I also think this is the ideal venue for that discussion. Primary dealers are core to the mission of the New York Fed. As the “Selected Bank” operating in financial markets on behalf of the FOMC, we rely on our interactions with primary dealers to implement monetary policy.2 In doing so, we have a shared interest in the continued depth, breadth, and resiliency of the Treasury market. Ensuring that Treasury securities remain the safest and most liquid asset in the world not only enables us to implement monetary policy efficiently, but also is foundational to the safety and stability of our financial system—and indeed of markets around the world.

With that in mind, I will turn to the balance sheet.

But first, also to no one’s surprise, I will offer a disclaimer. These views are my own, and not those of the Federal Reserve Bank of New York, the Federal Reserve System, or any other organization.3

How Far We’ve Come

I’ll start with a brief review of our progress in reducing the size of the balance sheet to date. Since June 2022, we have been implementing the plan laid out by the FOMC in May of that year.4 Throughout this process, our policy implementation framework has been performing as expected, and it has allowed us to maintain strong control over interest rates.

Last October, speaking on this topic, I discussed how some notable and unexpected events provided critical tests of the ability of our framework to operate as intended even in times of stress.5 Our framework passed those tests with flying colors.

I am happy to repeat myself and say that runoff has continued to proceed smoothly over the seven months since I delivered those remarks, and our implementation framework has continued to work well. Despite another $520 billion reduction in our holdings, including $412 billion of Treasury securities and $108 billion of agency mortgage-backed securities (MBS), control over short-term interest rates has continued to be strong (Panel 1).
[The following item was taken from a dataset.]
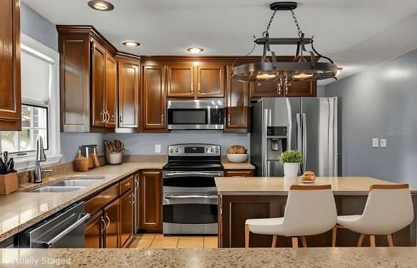 - Dishwasher, Double Oven, Electric Oven, Electric Range, Microwave, Refrigerator, Stainless Steel Appliance(s)
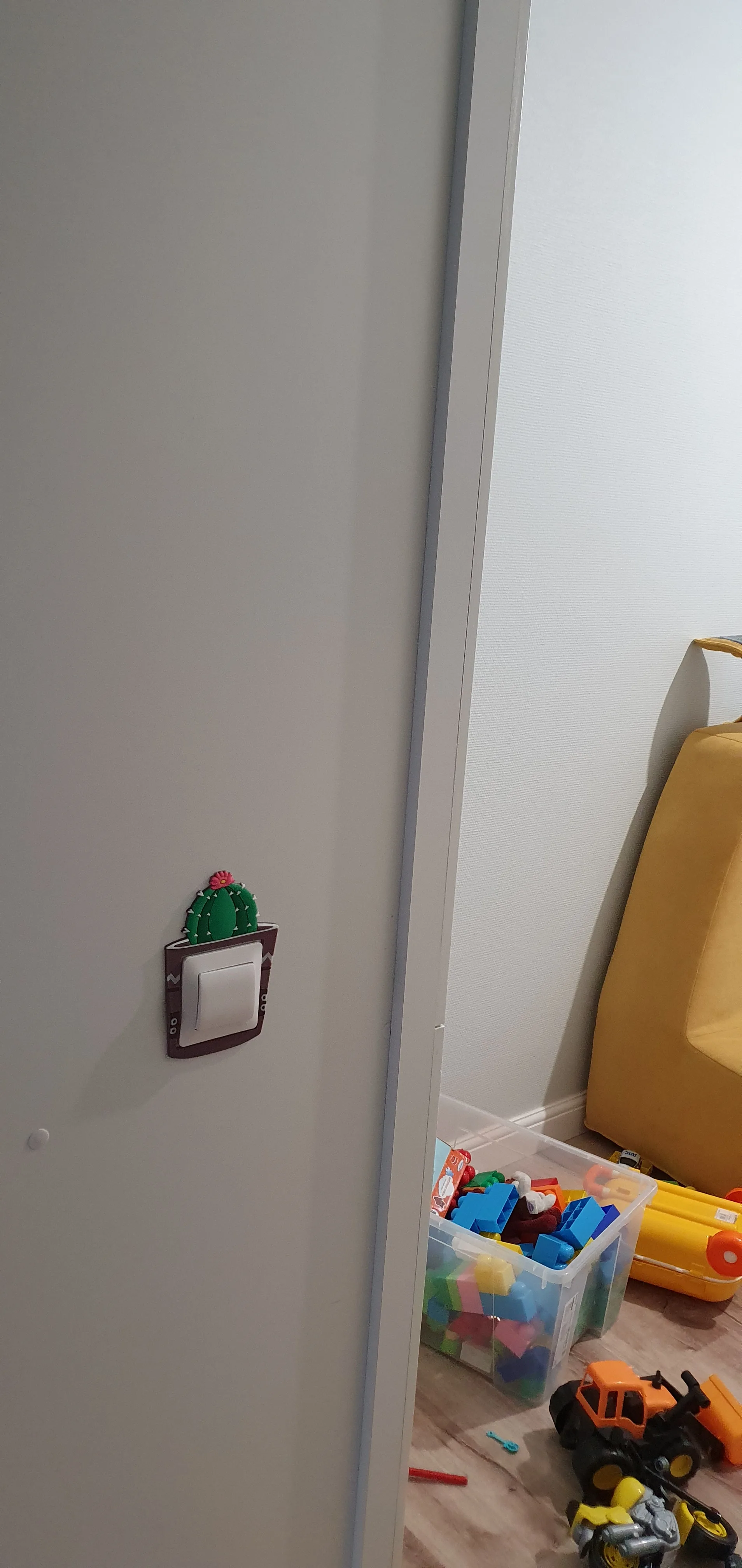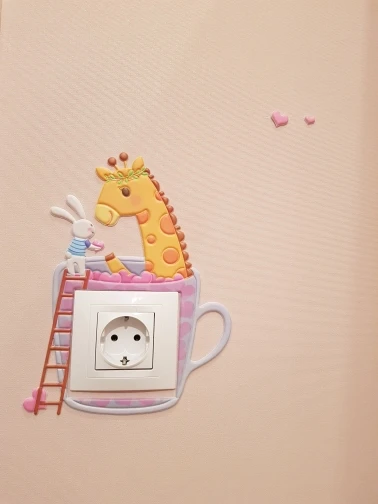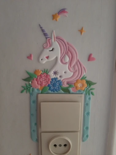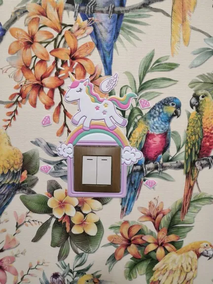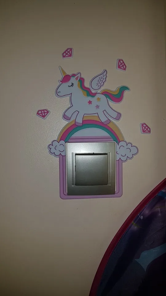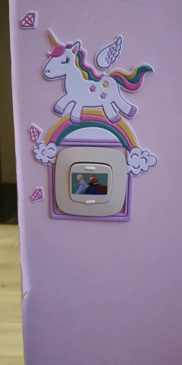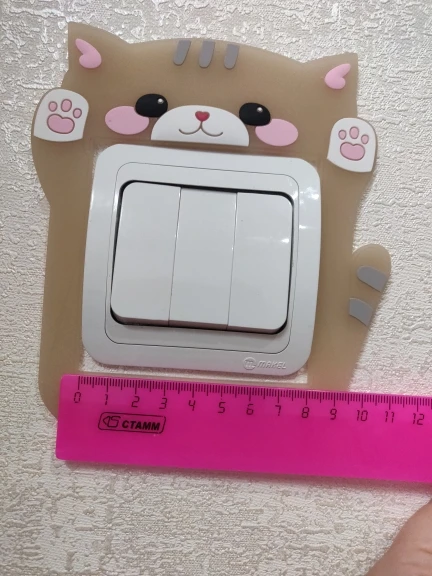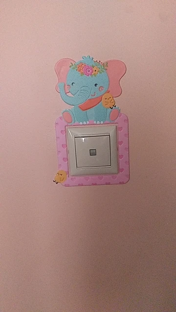 Очень понравился этот декор. Отлично смотрится в детской. Качество хорошее, без запаха))) Хорошо на выключатель размером 8,3-8,5мм. Если меньше , то уже будет большой зазор и смотреться будет не красиво. Учтите этот момент, замеряйте свои выключатели. У нас 8,3мм есть маленькие зазоры по краям, но смотрится хорошо.

In fact, the effective federal funds rate (EFFR), which is our target rate for implementing monetary policy, has remained remarkably stable since the FOMC last raised the target range in July of last year. There has been no usage of the Standing Repo Facility (SRF) outside of test transactions, which means that there has been no need as yet to rely on this facility to keep the federal funds rate within the target range. And, of course, the level of the federal funds rate has affected other money market rates as expected.
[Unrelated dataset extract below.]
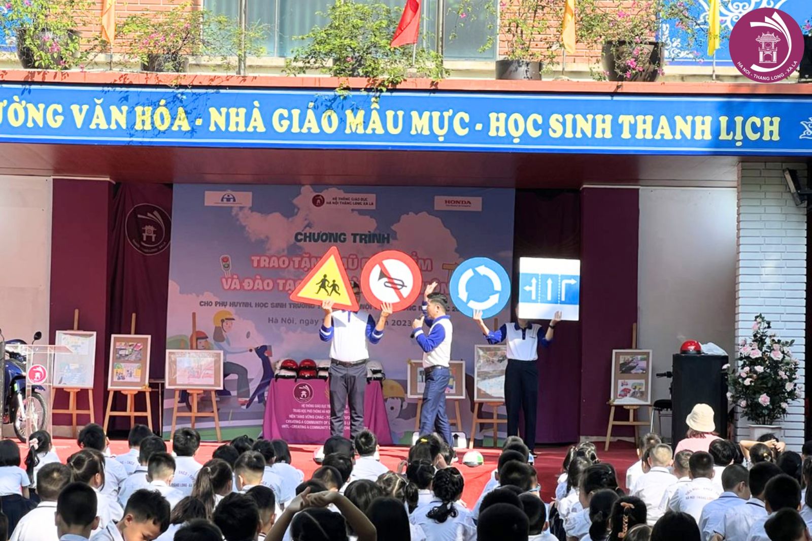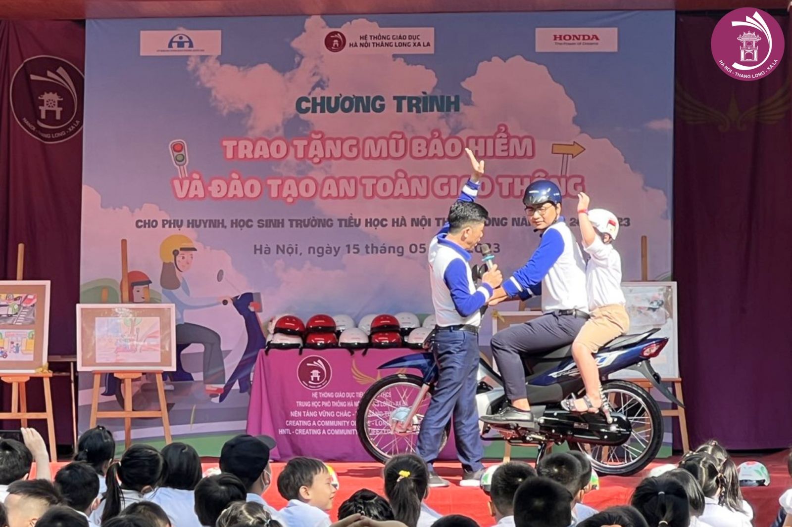 Với mục tiêu nâng cao ý thức của người dân về việc chấp hành quy định bắt buộc đội mũ bảo hiểm đạt quy chuẩn kỹ thuật Quốc gia cho trẻ em khi ngồi trên xe mô tô, xe gắn máy, xe đạp điện, qua đó giảm thiểu hậu quả do tai nạn giao thông gây ra đối với trẻ em, công ty Honda Việt Nam phối hợp với Ủy ban an toàn giao thông Quốc gia, trường tiểu học & THCS Hà Nội Thăng Long tổ chức chương trình “Trao tặng mũ bảo hiểm và đào tạo an toàn giao thông cho giáo viên, phụ huynh và học sinh” tại trường Tiểu học và THCS Hà Nội Thăng Long.

That stability has also generally propagated to other money market rates. Repo markets have shown only occasional signs of funding pressures, confined largely to reporting dates, like some month- and quarter-ends, days of large settlements of Treasury auctions, and, to a lesser extent, tax dates. While these pressures represent a departure from the patterns we have seen since the onset of the pandemic in early 2020, some temporary firming of overnight repo rates on those dates was common and more pronounced in the past; a re-emergence of this pattern is therefore not too surprising. In any case, it is worth noting that these seasonal dynamics are generally predictable and not an indicator of reserves conditions, but rather reflect the balance of the supply of and demand for funding in the context of various non-economic constraints.

Our overnight reverse repo (ON RRP) facility has also remained a primary focus in recent months. As a brief reminder, the ON RRP was established to reinforce the floor on short-term interest rates. By offering an alternative risk-free, overnight investment option to a range of counterparties that do not otherwise have access to remunerated balances at the Fed, the ON RRP disincentivizes lending in the market at a lower rate.6 It has been extremely effective in doing so.
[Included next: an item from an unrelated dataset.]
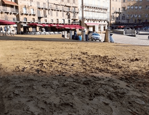 E’ polemica in questi giorni a Siena per le condizioni di Piazza del Campo, dove il tufo, a 4 giorni dal Palio, non è stato ancora rimosso.
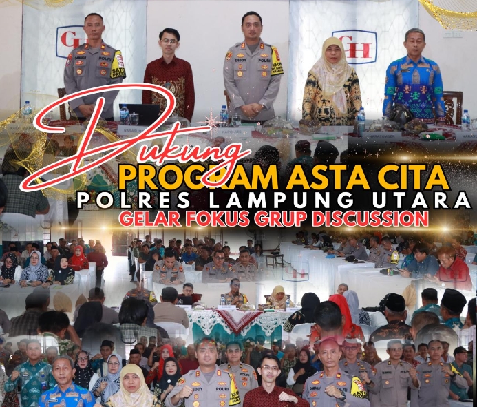 FGD dengan tema ” Peran Polri Dalam Mendukung Program Pemerintah Asta Cita Tahun 2024 di Kabupaten Lampung Utara” tersebut di hadiri oleh Kapolres Lampung Utara AKBP Deddy Kurniawan, Pejabat Utama Polres Lampung Utara, Mitra Kamtibmas dan elemen masyarakat.

In addition, usage of the ON RRP has been very responsive to market rates. The over $1.7 trillion decline in ON RRP balances since the debt limit suspension last June is entirely consistent with how that facility was designed.7 As alternative private instruments started offering slightly higher rates, money market funds, which are by far the largest users of the ON RRP, responded by reallocating their investments away from ON RRP and toward those alternative investments.

In fact, the ON RRP has absorbed virtually the entirety of balance sheet runoff, on net, which is primarily why reserves have not declined since the runoff process started (Panel 2). I can confidently say that the ON RRP has supported the efficient implementation and transmission of monetary policy so far. Overall, our monetary policy implementation framework has performed extremely well, and I expect it will continue to do so in the future.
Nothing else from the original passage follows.